— Так не пойдет! — отдуваясь, сказал белобрысый. — Надо его поймать, связать и отвезти за город.
Он поискал кого-то глазами.
— Серенька, сбегай за веревкой, — приказал он коротенькому пареньку в большой кепке со сломанным козырьком.
Серенька метнулся в ближайший палисадник, и сушившееся на веревке белье шлепнулось на землю, вслед затем в руках белобрысого оказалась длинная бечева. Он ловко запетлил конец, свернул бечеву кольцами и повесил на руку.
— Гоните его вон в тот проулок!
Снова свист, крики, вопли, снова сумасшедший бег. Вместе с лосем, слыша его хвойный запах и сиплое дыхание, я влетел в проулок. Белобрысый был начеку! Аркан просвистел в воздухе, и хотя петля лишь скользнула по шее лося, он закинул голову, будто впрямь ощутил на горле захлестку, колени его подломились, и он рухнул на землю, перекувырнулся через голову и замер. В одно мгновение мы были рядом. В большом, круглом, сумеречном зрачке лося я увидел отраженный мир: небо, дома, верхушки деревьев и свое, искаженное выпуклостью глаза, одутловато-овальное лицо, и вдруг отражение померкло, будто задернулось пыльной пленкой.
— Держи! Не пускай! — кричал белобрысый.
Челюсти лося клацнули, оскалив пасть желтыми резцами, наружу, вывалился кожаный, сухой язык. И сразу на этот язык села изумрудная муха.
Подбежал белобрысый парень с розово-взмякшим от бега и волнения лицом.
— Чего это с ним? — проговорил он растерянно, нагнулся, тронул рукой морду лося, выпрямился и будто еще не веря: — Никак, сдох?..
Никто не отозвался. Толпа вокруг павшего лося стремительно росла. Затем вперед протиснулся седоватый человек в пальто с бархатным воротником и фетровой шляпе с загнутыми полями.
— Бедный лосенок, — негромко сказал человек.
— Нешто это лосенок? — усмешливо-сожалеюще проговорил кто-то из толпы. — Цельный лосище!
— Нет, лосенок, годовик…
И верно, сейчас, распростертый на мостовой, лось вовсе не казался таким громадным — просто большой теленок.
— Отчего же это он… а? — жалобно спросил белобрысый.
— Не выдержал преследования.
— Да мы его не преследовали! Хотели на волю выгнать, в лес.
— Молодые лоси не выносят насилия, — своим негромким, отчетливым голосом сказал человек. — Их нельзя принуждать даже к воле. Лося надо оставить в покое. Вечером, когда стихнут шум и движение, он сам найдет дорогу к лесу.
— Значит, это мы его убили? — шепнул я Ладейникову.

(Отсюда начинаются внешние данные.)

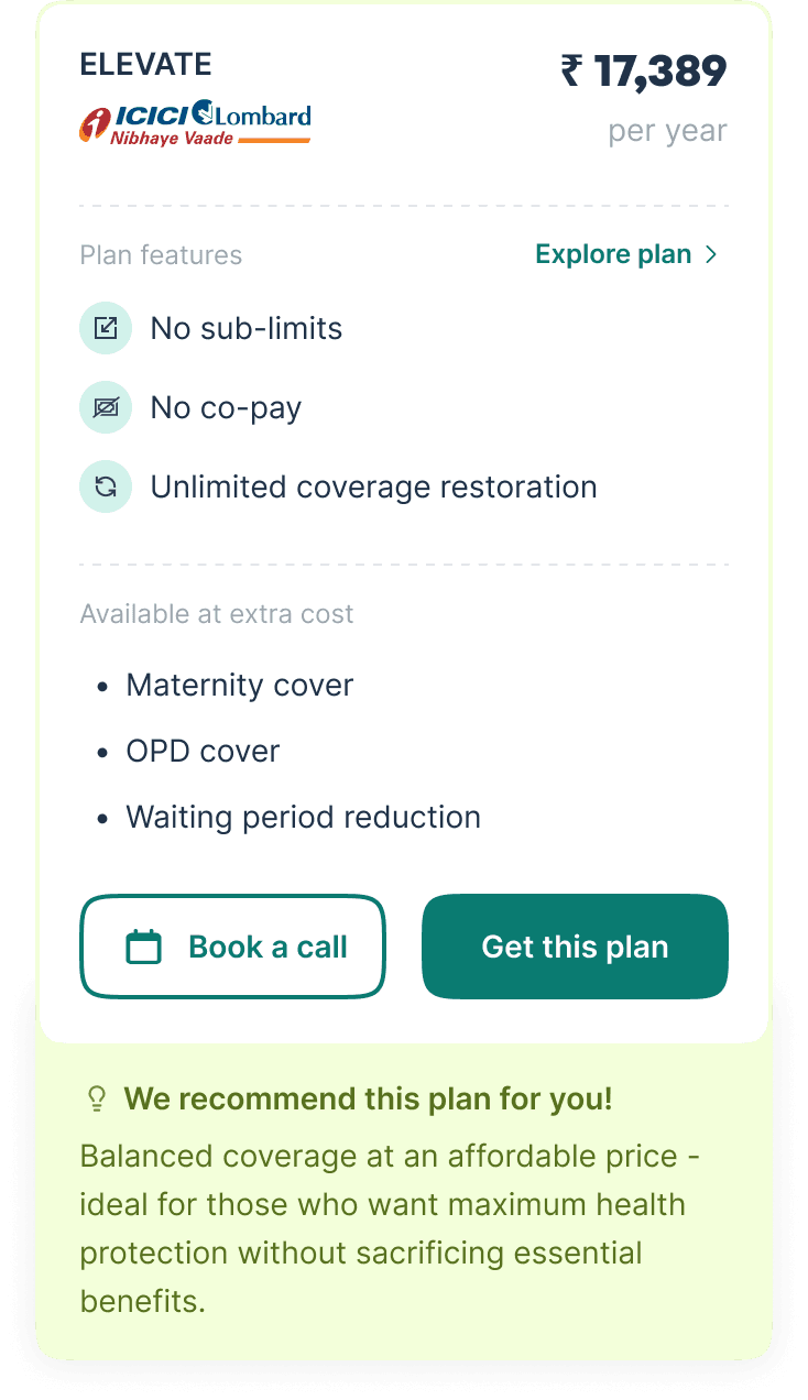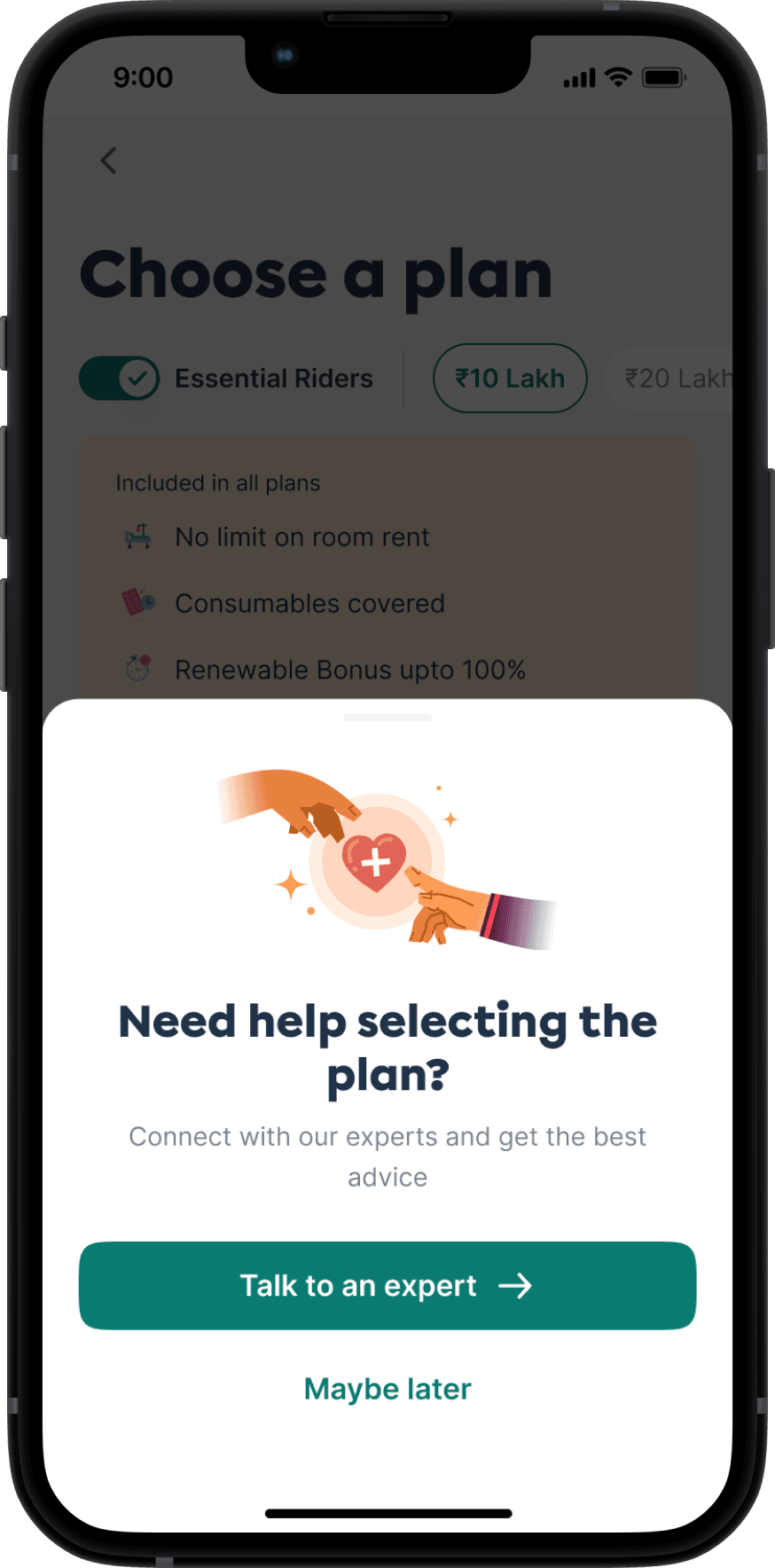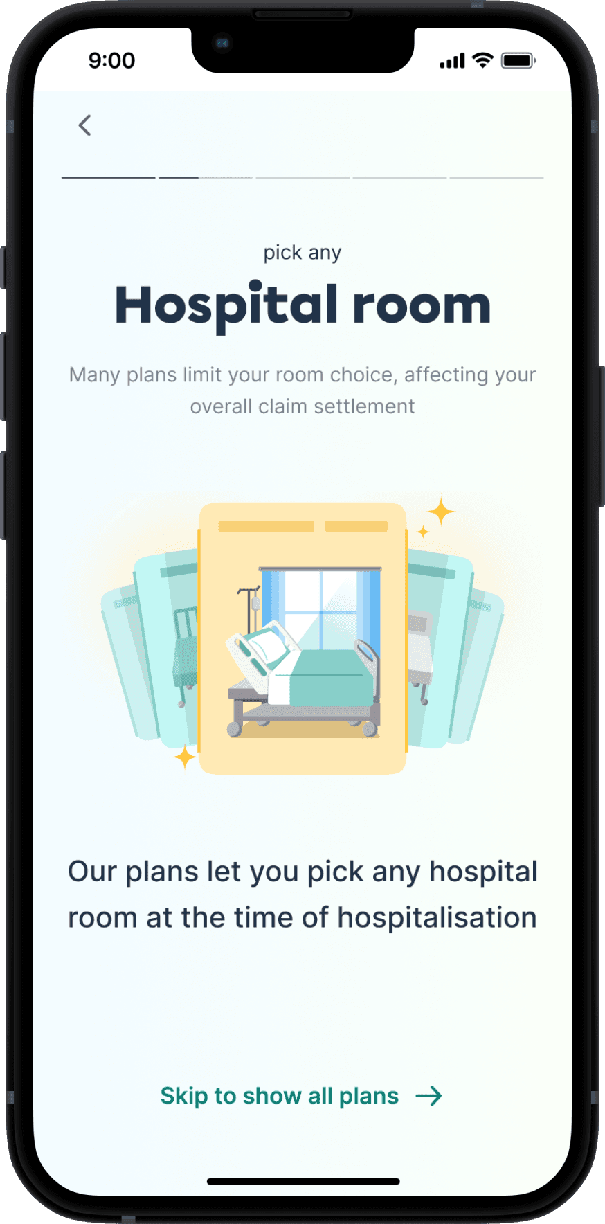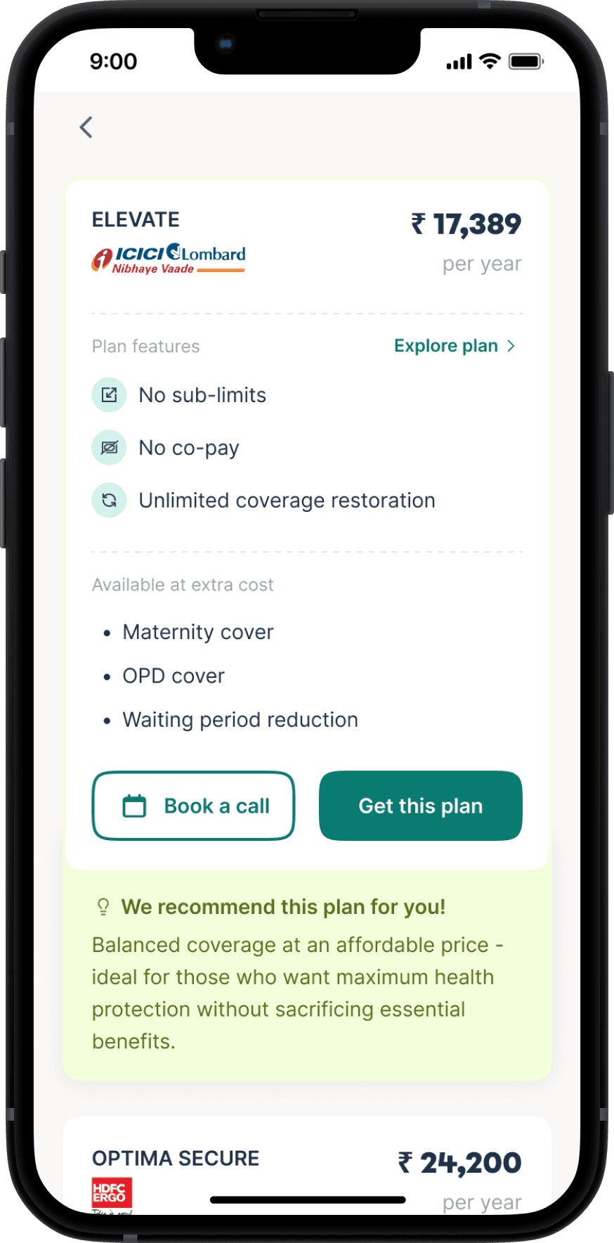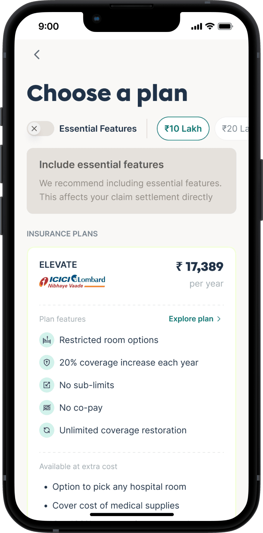 Initially, we went with a standard card-based UI showing 3 plans and their features. But user interviews and input from the sales team made us realize that this wasn’t enough. Users weren’t familiar with insurance jargon like “capped room rent” or “coverage restoration” — and were more likely to pick the cheapest plan by default.

— Сам виноват, нечего было из лесу убегать, — угрюмо пробормотал Ладейников.
Человек повернулся к нам.
— Разрешите вам объяснить, — сказал он так вежливо и серьезно, словно обращался к взрослым. — Весной лосихи телятся. Они покидают своих годовалых лосят до осени, а сами скрываются в глухой чаще. Брошенные лосята ведут себя, как дети, потерявшие в толпе мать, разве только не плачут. Они блуждают по лесу, заходят невесть куда и… — он бросил взгляд на мертвого лосенка, — зачастую гибнут. — Затем другим, деловым голосом он сказал белобрысому парню: — Постойте тут, я позвоню, чтобы его забрали…
Мы долго не могли забыть о погибшем лосенке. Покажись теперь лось вблизи наших Чистых прудов, мы уже знали бы, как поступить. Мы окружим его тишиной, остановим весь транспорт и убьем каждого Чистопрудного, который попробует заорать или засвистать в пальцы.
В газетах изредка мелькали сообщения о лосях, появившихся в черте города. Но видели сохатых или в Петровском парке, или в Черкизове, или возле Останкинского дворца. Верно, Чистые пруды находились слишком далеко от лесной воли, и лоси сюда не забредали.